⟨

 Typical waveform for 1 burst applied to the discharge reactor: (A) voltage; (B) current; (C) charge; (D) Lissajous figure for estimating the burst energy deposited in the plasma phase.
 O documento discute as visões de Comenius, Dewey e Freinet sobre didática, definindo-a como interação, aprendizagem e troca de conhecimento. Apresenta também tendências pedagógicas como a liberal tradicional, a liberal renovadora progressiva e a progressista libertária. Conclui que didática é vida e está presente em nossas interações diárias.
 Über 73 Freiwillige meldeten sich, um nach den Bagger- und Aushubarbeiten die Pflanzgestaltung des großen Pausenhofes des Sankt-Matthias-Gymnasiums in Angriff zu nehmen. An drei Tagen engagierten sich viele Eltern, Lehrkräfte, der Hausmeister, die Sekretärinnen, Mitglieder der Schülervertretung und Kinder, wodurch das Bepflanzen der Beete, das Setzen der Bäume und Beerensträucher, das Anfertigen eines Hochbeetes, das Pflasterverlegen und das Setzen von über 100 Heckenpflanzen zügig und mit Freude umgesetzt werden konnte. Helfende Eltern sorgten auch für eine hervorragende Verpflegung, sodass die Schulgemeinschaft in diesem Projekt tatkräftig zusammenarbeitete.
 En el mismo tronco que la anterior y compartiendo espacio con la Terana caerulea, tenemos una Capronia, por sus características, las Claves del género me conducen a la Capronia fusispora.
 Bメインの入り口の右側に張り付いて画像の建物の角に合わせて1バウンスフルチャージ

⟩
⟨

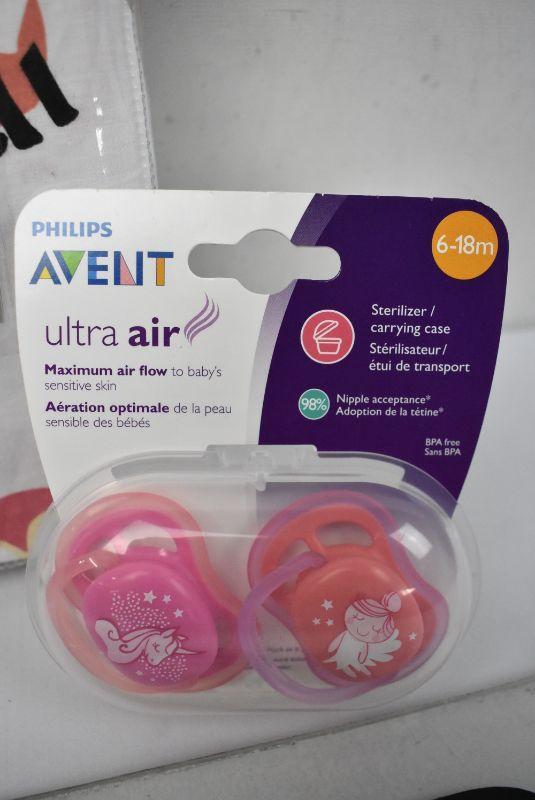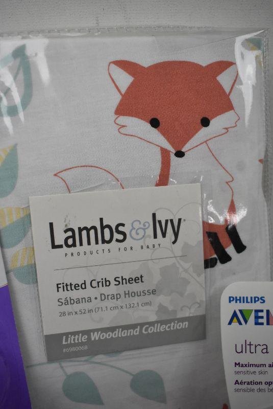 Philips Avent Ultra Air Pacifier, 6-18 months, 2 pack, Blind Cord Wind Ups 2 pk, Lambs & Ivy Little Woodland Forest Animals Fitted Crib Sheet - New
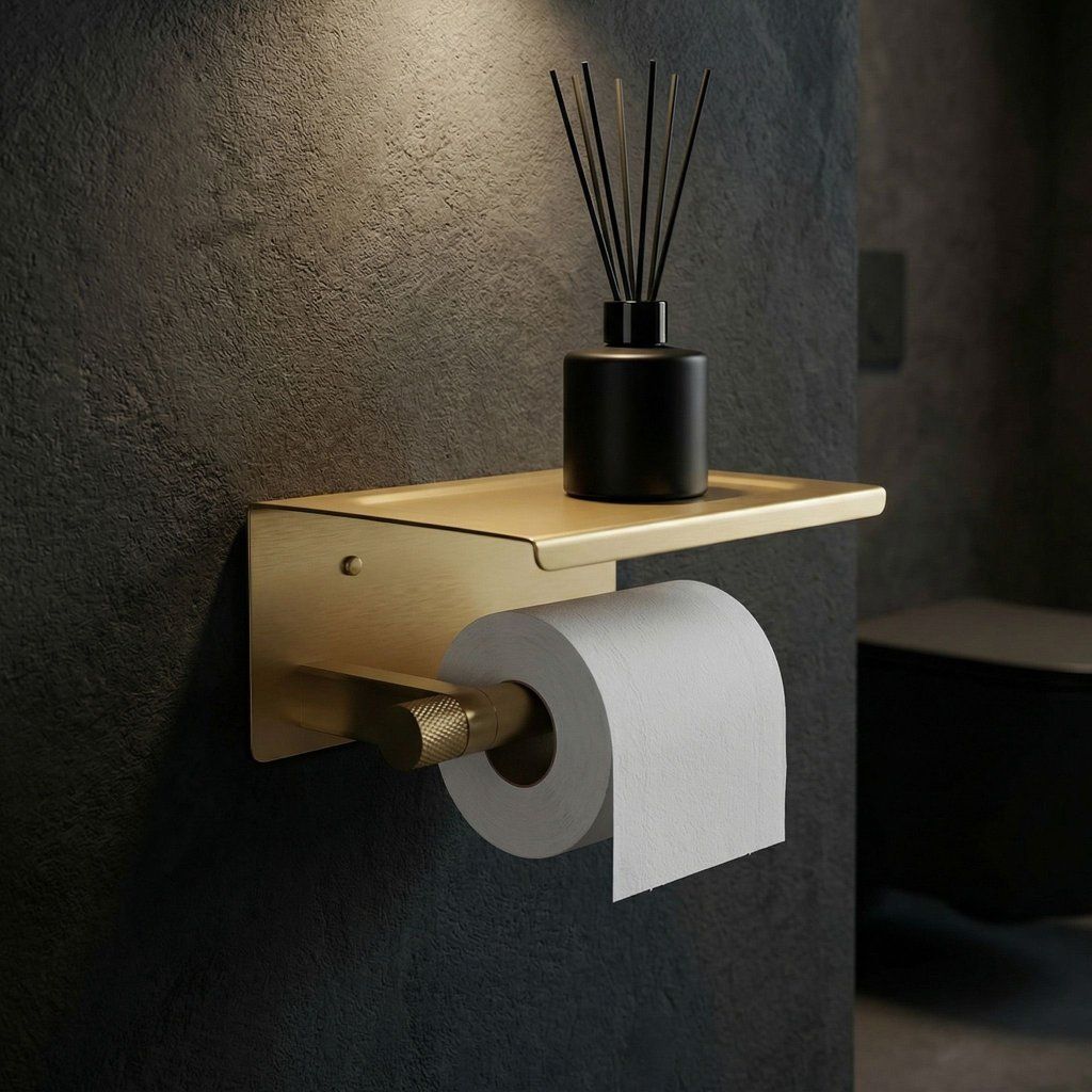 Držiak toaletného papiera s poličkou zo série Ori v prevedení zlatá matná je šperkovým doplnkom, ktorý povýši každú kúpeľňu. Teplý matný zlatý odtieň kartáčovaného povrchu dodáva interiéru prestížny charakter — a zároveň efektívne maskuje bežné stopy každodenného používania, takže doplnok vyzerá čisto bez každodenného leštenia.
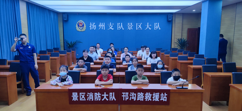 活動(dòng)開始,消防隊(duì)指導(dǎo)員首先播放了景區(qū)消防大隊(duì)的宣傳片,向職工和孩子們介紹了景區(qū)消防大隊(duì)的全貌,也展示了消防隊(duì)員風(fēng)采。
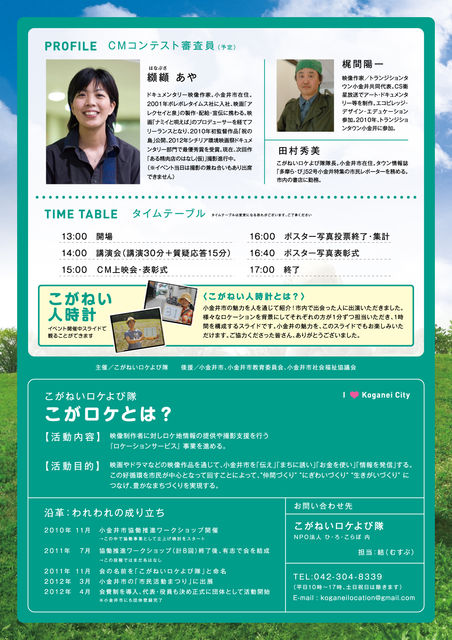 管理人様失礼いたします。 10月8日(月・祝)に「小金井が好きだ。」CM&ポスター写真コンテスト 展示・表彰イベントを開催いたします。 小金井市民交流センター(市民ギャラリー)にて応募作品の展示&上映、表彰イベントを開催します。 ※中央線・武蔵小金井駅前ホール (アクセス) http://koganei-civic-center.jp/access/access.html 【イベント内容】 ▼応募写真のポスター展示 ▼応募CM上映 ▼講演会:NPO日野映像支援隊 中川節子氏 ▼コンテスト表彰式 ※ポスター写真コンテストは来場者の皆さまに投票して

⟩
⟨

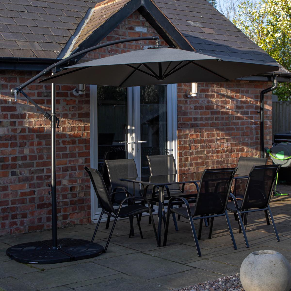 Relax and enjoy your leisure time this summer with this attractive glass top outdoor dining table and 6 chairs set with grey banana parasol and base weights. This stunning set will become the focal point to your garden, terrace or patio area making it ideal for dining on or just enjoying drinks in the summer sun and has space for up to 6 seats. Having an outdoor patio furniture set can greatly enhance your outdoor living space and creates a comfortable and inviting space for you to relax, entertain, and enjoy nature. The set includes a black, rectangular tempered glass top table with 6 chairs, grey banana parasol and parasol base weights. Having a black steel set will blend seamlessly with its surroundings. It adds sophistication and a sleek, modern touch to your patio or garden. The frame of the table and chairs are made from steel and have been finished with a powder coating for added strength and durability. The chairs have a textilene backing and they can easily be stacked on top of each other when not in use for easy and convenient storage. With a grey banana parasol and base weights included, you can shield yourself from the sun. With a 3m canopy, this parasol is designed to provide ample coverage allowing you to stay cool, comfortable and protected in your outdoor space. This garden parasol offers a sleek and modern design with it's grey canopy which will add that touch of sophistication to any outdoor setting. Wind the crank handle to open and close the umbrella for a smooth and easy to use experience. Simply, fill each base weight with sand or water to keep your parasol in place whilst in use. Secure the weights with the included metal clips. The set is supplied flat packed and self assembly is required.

⟩

• **Exercise prompt**:
In the material above, the stretch from the line with "Držiak toaletného papiera" through the line with "活動(dòng)開始,消防隊" is to be given again exactly, minus the pictures.

• **Your response**:
 Držiak toaletného papiera s poličkou zo série Ori v prevedení zlatá matná je šperkovým doplnkom, ktorý povýši každú kúpeľňu. Teplý matný zlatý odtieň kartáčovaného povrchu dodáva interiéru prestížny charakter — a zároveň efektívne maskuje bežné stopy každodenného používania, takže doplnok vyzerá čisto bez každodenného leštenia.
 活動(dòng)開始,消防隊(duì)指導(dǎo)員首先播放了景區(qū)消防大隊(duì)的宣傳片,向職工和孩子們介紹了景區(qū)消防大隊(duì)的全貌,也展示了消防隊(duì)員風(fēng)采。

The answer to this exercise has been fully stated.